The Los Angeles-based judge illustrated these restrictions through a hypothetical involving the LA Rams. He wrote if the team “desired to offer a telecast of one of its games to an out-of-market viewer, it could not telecast the game in New York City if the Jets or the Giants were playing at home.”

He added the Rams “would have to enter an agreement with the San Francisco 49ers to telecast the Rams home game against the 49ers in Los Angeles” and wouldn’t “be able to telecast that same game in San Francisco if the 49ers wanted to telecast the game in their home territory.”

To further that line of critique, Gutierrez observed that if CBS and Fox are “only able to each broadcast a football game on one channel in a given area, then necessarily there are many games not being broadcast in that area.
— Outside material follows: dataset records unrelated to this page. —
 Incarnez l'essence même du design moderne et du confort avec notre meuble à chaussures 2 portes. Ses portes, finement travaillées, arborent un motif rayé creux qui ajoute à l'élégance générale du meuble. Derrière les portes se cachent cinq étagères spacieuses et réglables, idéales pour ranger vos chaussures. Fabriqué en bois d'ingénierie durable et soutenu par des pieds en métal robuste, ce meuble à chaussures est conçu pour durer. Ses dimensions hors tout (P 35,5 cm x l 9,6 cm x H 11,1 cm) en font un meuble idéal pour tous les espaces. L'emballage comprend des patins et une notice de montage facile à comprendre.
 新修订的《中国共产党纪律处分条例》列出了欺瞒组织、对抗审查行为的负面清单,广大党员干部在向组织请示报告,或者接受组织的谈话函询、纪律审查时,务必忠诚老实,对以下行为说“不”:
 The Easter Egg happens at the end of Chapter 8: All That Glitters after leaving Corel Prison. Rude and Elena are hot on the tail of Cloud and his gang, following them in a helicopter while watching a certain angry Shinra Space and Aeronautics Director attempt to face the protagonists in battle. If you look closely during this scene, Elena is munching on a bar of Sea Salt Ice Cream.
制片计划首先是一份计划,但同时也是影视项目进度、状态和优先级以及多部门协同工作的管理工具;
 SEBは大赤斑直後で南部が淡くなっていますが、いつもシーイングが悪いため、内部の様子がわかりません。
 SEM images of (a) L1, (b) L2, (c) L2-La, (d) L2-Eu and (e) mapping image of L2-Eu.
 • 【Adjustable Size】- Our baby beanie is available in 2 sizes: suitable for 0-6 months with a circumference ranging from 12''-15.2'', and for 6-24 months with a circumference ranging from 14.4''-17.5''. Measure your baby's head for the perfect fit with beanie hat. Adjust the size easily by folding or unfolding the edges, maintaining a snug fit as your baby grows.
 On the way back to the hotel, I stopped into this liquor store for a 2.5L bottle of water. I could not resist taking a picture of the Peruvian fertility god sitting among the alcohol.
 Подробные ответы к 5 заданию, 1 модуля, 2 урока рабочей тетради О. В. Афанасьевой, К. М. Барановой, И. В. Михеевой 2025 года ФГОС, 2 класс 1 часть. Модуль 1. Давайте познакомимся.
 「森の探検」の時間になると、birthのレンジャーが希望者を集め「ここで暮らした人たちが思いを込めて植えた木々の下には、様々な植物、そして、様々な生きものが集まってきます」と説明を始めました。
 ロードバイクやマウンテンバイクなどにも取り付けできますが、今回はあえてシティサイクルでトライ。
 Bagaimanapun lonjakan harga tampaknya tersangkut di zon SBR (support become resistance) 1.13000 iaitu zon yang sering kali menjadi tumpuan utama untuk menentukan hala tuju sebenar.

And most consumers will only be able to watch three of the 10 to 13 games being played on a Sunday via free, over-the-air broadcasts.”

Gutierrez was similarly unpersuaded by the NFL’s reliance on a single-entity defense. For decades, the league has insisted that although its teams compete, they necessarily collude to produce NFL teams and thus function as one.

The legal significance of that point is that Section I of the Sherman Act regulates competing businesses, not departments within one company or subsidiaries and their parent company. In American Needle v. NFL (2009), the U.S. Supreme Court rejected the NFL’s single-entity defense in the context of NFL teams collectively licensing apparel to one company on grounds that teams are independently owned and are thus unlike, for example, Alphabet Inc. and its subsidiaries like Google and Waymo. (For more on single entities in sports and antitrust law, please read this article from one of the co-authors in the Yale Law Journal.)

The NFL has resurfaced the single-entity argument in this litigation, arguing teams and the league necessarily cooperate in game broadcasts. Teams, the league underscores, must cooperate since broadcasts will show the trademarks of individual teams and the league itself.

Although the subscribers concede “cooperating is necessary to put on a football game,” they reject the idea that NFL teams must cooperate in the broadcast of that game. To that end, they cite arrangements for Notre Dame football broadcasts. Notre Dame isn’t a member of a Power Five conference and yet sells telecast rights to a broadcast network and its games feature trademarks of competing universities, conferences and the NCAA. In other words, if Notre Dame can figure out how to individually sell TV rights, why can’t NFL teams?

Lastly, the NFL’s attempt to claim its arrangements are exempt from antitrust scrutiny via the Sports Broadcasting Act of 1961 (SBA) didn’t have much suasion with Gutierrez.

The SBA insulates national TV deals for football, basketball, baseball and hockey leagues when the games are broadcast on free, over-the-air channels. Although the SBA doesn’t apply to games on DirecTV or any paid cable, satellite or streaming service, the NFL nonetheless sees it as applicable since its Sunday Ticket contract is connected to how it distributes games for free in local markets. The judge disagreed, reasoning the league’s “position taken to its logical conclusion would allow the NFL” to extend the SBA to paid telecasting, as well.

The fact that the NFL lost its motion of summary judgment doesn’t necessarily mean it will lose the case. The league can argue its system of broadcasts ought not to be disrupted given its immense popularity with fans and given that, in a world without the Sunday Ticket, some out-of-town fans might not be able to watch their teams play. From that lens, the NFL’s TV structure arguably enhances, not restricts, competition since it leads to more opportunities for fans to watch games.

The NFL can attempt an appeal of Gutierrez’s order to the Ninth Circuit, but federal appellate courts usually decline to review a case until after the trial court enters a final judgment. The league probably wants to avoid a trial since it would mean its executives and other influential figures—including commissioner Roger Goodell and owners involved in media and broadcast deals—could be called to testify. Various media and broadcast contracts could be publicly observed in a trial, too. The NFL thus might now be more inclined to offer subscribers more attractive settlement terms.